What to do: An exact transcription of all the data is required; the pictures are to be left out.

Data segment:
----------

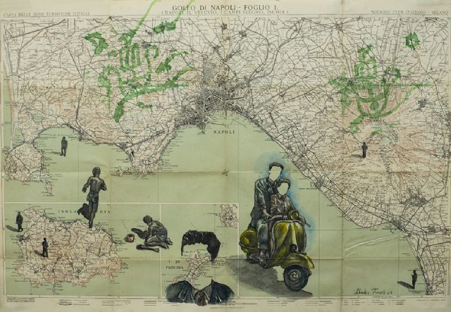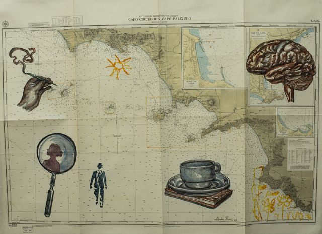Representar la superficie del planeta en el que vivimos de la manera más objetiva posible, parece ser la tarea de los mapas geográficos, el punto de llegada de un viaje que ha durado milenios. Que luego, la pretendida objetividad encuentre un límite en la curvatura de la tierra, tampoco es una novedad. La representación es convencional: montañas, lagunas, ríos, ciudades están todos en su lugar, todos marcados como esperamos, ninguno presente en sus formas particulares. El tiempo se ha detenido. Las fronteras entre un estado y los demás tienen un papel protagonista: cortan el mundo en muchas partes, con la pretensión de cercas infranqueables; incluso la guerra se representa en estas cartas y parece un juego casi inocente. Pues bien, las intervenciones pictóricas que interrumpen esta supuesta geometría quieren mostrar una espacialidad diferente, la de lo vivo y de lo vivido. Los dos artistas trabajan cada uno con su propio lenguaje. “La de Salvador Torres es una pintura sorprendente porque va más allá de toda certeza. Los cuerpos, que parecen vaciados como maniquíes sin alma, transmiten una espiritualidad que está en el límite entre una realidad perceptible en su iconografía y una verdad oculta de personajes que viven el drama de la existencia humana siempre en equilibrio entre el egoísmo y la necesidad de proponer un mundo mejor. Son obras atemporales: representaciones fantásticas surgidas de la imaginación; un mundo surrealista, no como un sueño que reelabora el propio inconsciente, sino como una visión subjetiva para una narración que escapa a la lógica estereotipada, presumida y habitual de un sistema social que ignora los peligros de su egocentrismo y arrogancia al descuidar las reglas fundamentales necesarias para mantener inalterado el equilibrio natural”. Lúcidamente escribe Mario Lanzione y luego, de nuevo, acerca de Enzo Trepiccione: “Si los sueños y los recuerdos son parte de nuestro subconsciente y de nuestra historia existencial, el de los símbolos es un sistema de comunicación que actúa sobre nuestros conocimientos. Un medio expresivo utilizado para llevarnos de vuelta al origen de contenidos que encierran una cantidad considerable de ideas y valores que ningún lenguaje humano podría aportar a la mente. Un solo símbolo esconde una miríada de significados. Estos son los elementos que encontramos en la pintura de Enzo Trepiccione, en un constante equilibrio entre la realidad y la imaginación. La espontánea operatividad pictórica de Enzo es precisamente esta simetría entre un pensamiento objetivamente existente y una propia subjetividad representada a través de representaciones de figuras estilizadas, reproducidas en “casilleros de la memoria”, de casas, árboles y flores, ejecutadas con una línea de contorno gruesa, fuerte, inmediata y rápida”.
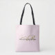 Elegant refined feminine chic all over print tote bag, personalizable customisable with monogram, initial letters and name. Soft stylish pastel blush pink background, elegant gold calligraphy script handwritten initial letters, and classy black typography for the name. Beautiful and timeless, for you or as a thoughtful custom gift for her. Useful fashionable accessory and very affordable, a gift under 50 dollars, even under 30 dollars.
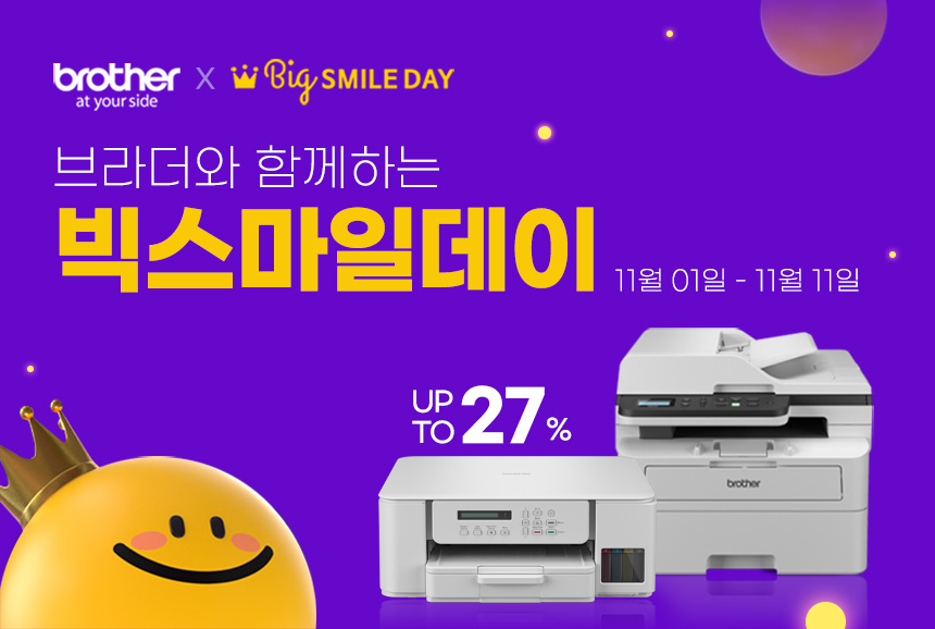 브라더인터내셔널코리아(이하 브라더코리아)가 오는 11월 1일부터 11일까지 G마켓과 옥션에서 진행되는 '빅스마일데이' 프로모션에 참여한다고 31일 밝혔다. ......

----------

Task response:
Representar la superficie del planeta en el que vivimos de la manera más objetiva posible, parece ser la tarea de los mapas geográficos, el punto de llegada de un viaje que ha durado milenios. Que luego, la pretendida objetividad encuentre un límite en la curvatura de la tierra, tampoco es una novedad. La representación es convencional: montañas, lagunas, ríos, ciudades están todos en su lugar, todos marcados como esperamos, ninguno presente en sus formas particulares. El tiempo se ha detenido. Las fronteras entre un estado y los demás tienen un papel protagonista: cortan el mundo en muchas partes, con la pretensión de cercas infranqueables; incluso la guerra se representa en estas cartas y parece un juego casi inocente. Pues bien, las intervenciones pictóricas que interrumpen esta supuesta geometría quieren mostrar una espacialidad diferente, la de lo vivo y de lo vivido. Los dos artistas trabajan cada uno con su propio lenguaje. “La de Salvador Torres es una pintura sorprendente porque va más allá de toda certeza. Los cuerpos, que parecen vaciados como maniquíes sin alma, transmiten una espiritualidad que está en el límite entre una realidad perceptible en su iconografía y una verdad oculta de personajes que viven el drama de la existencia humana siempre en equilibrio entre el egoísmo y la necesidad de proponer un mundo mejor. Son obras atemporales: representaciones fantásticas surgidas de la imaginación; un mundo surrealista, no como un sueño que reelabora el propio inconsciente, sino como una visión subjetiva para una narración que escapa a la lógica estereotipada, presumida y habitual de un sistema social que ignora los peligros de su egocentrismo y arrogancia al descuidar las reglas fundamentales necesarias para mantener inalterado el equilibrio natural”. Lúcidamente escribe Mario Lanzione y luego, de nuevo, acerca de Enzo Trepiccione: “Si los sueños y los recuerdos son parte de nuestro subconsciente y de nuestra historia existencial, el de los símbolos es un sistema de comunicación que actúa sobre nuestros conocimientos. Un medio expresivo utilizado para llevarnos de vuelta al origen de contenidos que encierran una cantidad considerable de ideas y valores que ningún lenguaje humano podría aportar a la mente. Un solo símbolo esconde una miríada de significados. Estos son los elementos que encontramos en la pintura de Enzo Trepiccione, en un constante equilibrio entre la realidad y la imaginación. La espontánea operatividad pictórica de Enzo es precisamente esta simetría entre un pensamiento objetivamente existente y una propia subjetividad representada a través de representaciones de figuras estilizadas, reproducidas en “casilleros de la memoria”, de casas, árboles y flores, ejecutadas con una línea de contorno gruesa, fuerte, inmediata y rápida”.
 Elegant refined feminine chic all over print tote bag, personalizable customisable with monogram, initial letters and name. Soft stylish pastel blush pink background, elegant gold calligraphy script handwritten initial letters, and classy black typography for the name. Beautiful and timeless, for you or as a thoughtful custom gift for her. Useful fashionable accessory and very affordable, a gift under 50 dollars, even under 30 dollars.
 브라더인터내셔널코리아(이하 브라더코리아)가 오는 11월 1일부터 11일까지 G마켓과 옥션에서 진행되는 '빅스마일데이' 프로모션에 참여한다고 31일 밝혔다. ......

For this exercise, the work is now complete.